ScottishPower, like Powergen before it, bet on transatlantic expansion to maintain its independence and lost. ScottishPower bought the wrong US company and Powergen lacked the balance-sheet muscle to buy another one. S&SE and ScottishPower could have made a formidable combination but a mixture of battling egos and myopic Scottish politics prevented an alliance.

Much has been made of the tax breaks which Spanish companies enjoy back home when they go on overseas shopping trips. It is true that Iberdrola's ability to write off ScottishPower's goodwill against tax will reduce the cost of its purchase by about €1bn.

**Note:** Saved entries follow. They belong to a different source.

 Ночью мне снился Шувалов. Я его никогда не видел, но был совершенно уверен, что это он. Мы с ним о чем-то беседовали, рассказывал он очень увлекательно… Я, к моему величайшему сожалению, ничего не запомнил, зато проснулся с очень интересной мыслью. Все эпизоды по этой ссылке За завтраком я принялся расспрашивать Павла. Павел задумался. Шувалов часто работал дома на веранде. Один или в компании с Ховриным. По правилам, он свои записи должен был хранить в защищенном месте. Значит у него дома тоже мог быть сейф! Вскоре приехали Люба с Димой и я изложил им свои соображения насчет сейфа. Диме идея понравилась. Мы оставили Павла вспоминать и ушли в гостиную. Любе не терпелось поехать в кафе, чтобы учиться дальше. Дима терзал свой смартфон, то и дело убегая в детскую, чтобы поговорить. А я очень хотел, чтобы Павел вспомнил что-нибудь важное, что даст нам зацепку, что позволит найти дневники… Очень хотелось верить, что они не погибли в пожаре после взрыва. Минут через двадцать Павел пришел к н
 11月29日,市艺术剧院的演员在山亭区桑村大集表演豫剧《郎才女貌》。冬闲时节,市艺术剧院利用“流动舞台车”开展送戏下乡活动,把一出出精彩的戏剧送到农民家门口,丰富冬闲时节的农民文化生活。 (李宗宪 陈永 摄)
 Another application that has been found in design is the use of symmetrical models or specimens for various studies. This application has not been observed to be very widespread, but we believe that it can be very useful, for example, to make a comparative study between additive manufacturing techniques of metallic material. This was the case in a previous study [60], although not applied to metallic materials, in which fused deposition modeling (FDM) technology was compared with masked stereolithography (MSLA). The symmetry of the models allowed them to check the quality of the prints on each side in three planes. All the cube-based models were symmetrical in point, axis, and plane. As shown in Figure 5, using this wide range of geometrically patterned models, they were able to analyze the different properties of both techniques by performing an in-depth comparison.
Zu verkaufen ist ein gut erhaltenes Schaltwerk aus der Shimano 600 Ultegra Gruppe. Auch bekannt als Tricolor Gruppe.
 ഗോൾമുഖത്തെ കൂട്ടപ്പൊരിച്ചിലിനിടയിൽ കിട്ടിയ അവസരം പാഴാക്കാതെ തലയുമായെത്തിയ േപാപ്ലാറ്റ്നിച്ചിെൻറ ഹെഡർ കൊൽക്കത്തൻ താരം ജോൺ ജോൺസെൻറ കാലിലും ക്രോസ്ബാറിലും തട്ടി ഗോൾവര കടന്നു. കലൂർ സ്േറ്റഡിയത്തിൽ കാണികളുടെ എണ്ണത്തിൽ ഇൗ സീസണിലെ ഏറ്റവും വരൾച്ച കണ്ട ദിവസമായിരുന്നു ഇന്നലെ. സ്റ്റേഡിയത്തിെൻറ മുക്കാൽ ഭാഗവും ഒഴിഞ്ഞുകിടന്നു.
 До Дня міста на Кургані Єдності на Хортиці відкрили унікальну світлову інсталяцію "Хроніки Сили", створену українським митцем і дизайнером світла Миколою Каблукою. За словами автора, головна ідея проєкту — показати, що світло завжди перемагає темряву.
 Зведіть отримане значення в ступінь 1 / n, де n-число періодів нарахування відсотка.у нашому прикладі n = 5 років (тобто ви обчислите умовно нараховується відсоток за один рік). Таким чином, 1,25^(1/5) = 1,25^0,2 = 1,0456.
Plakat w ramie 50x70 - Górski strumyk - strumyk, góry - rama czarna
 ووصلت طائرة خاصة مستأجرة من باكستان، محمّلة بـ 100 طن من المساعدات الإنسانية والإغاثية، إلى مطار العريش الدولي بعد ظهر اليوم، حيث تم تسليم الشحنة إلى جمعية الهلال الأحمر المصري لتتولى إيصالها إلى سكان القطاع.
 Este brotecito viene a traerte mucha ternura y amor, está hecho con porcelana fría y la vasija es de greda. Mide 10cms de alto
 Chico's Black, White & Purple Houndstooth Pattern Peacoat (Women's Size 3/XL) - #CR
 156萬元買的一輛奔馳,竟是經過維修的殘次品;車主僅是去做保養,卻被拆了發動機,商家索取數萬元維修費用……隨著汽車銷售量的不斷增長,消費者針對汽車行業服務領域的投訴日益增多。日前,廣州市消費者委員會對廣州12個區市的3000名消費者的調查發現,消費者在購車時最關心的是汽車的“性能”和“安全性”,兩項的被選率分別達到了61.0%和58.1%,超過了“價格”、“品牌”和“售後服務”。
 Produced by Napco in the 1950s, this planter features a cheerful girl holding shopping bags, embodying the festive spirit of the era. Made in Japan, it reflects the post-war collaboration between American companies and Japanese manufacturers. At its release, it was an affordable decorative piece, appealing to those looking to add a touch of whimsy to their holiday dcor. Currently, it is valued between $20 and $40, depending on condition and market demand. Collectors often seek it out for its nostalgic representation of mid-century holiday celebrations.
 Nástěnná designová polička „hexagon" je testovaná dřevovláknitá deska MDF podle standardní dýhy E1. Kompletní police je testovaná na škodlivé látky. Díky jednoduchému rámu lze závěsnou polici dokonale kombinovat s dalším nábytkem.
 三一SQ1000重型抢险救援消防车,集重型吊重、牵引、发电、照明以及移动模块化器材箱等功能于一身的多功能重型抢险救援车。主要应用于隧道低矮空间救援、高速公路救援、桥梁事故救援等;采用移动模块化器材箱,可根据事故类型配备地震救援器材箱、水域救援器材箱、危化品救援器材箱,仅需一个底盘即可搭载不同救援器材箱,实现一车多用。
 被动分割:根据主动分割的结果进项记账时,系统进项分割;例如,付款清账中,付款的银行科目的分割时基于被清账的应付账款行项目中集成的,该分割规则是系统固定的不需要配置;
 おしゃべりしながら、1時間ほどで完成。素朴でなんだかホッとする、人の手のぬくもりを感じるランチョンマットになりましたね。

But it is not subsidies such as these which have fuelled a succession of Spanish takeovers of airports, banks and mobile networks but a broader European vision. Iberdrola's home market, like ScottishPower's, is no longer protected. It can see that once Brussels finally breaks open the entrenched energy monopolies elsewhere in Europe, only those with the foresight to move beyond their national boundaries will survive. Iberdrola's shareholders seem happy to provide it with the currency to act. UK pension funds seem happier to sell out than to back the management of British utilities attempting to halt and reverse the tide of corporate activity.

Centrica has circled the wagons and jettisoned everything which is non-core in an attempt to secure its future energy supplies and preserve its independence. It may not be enough.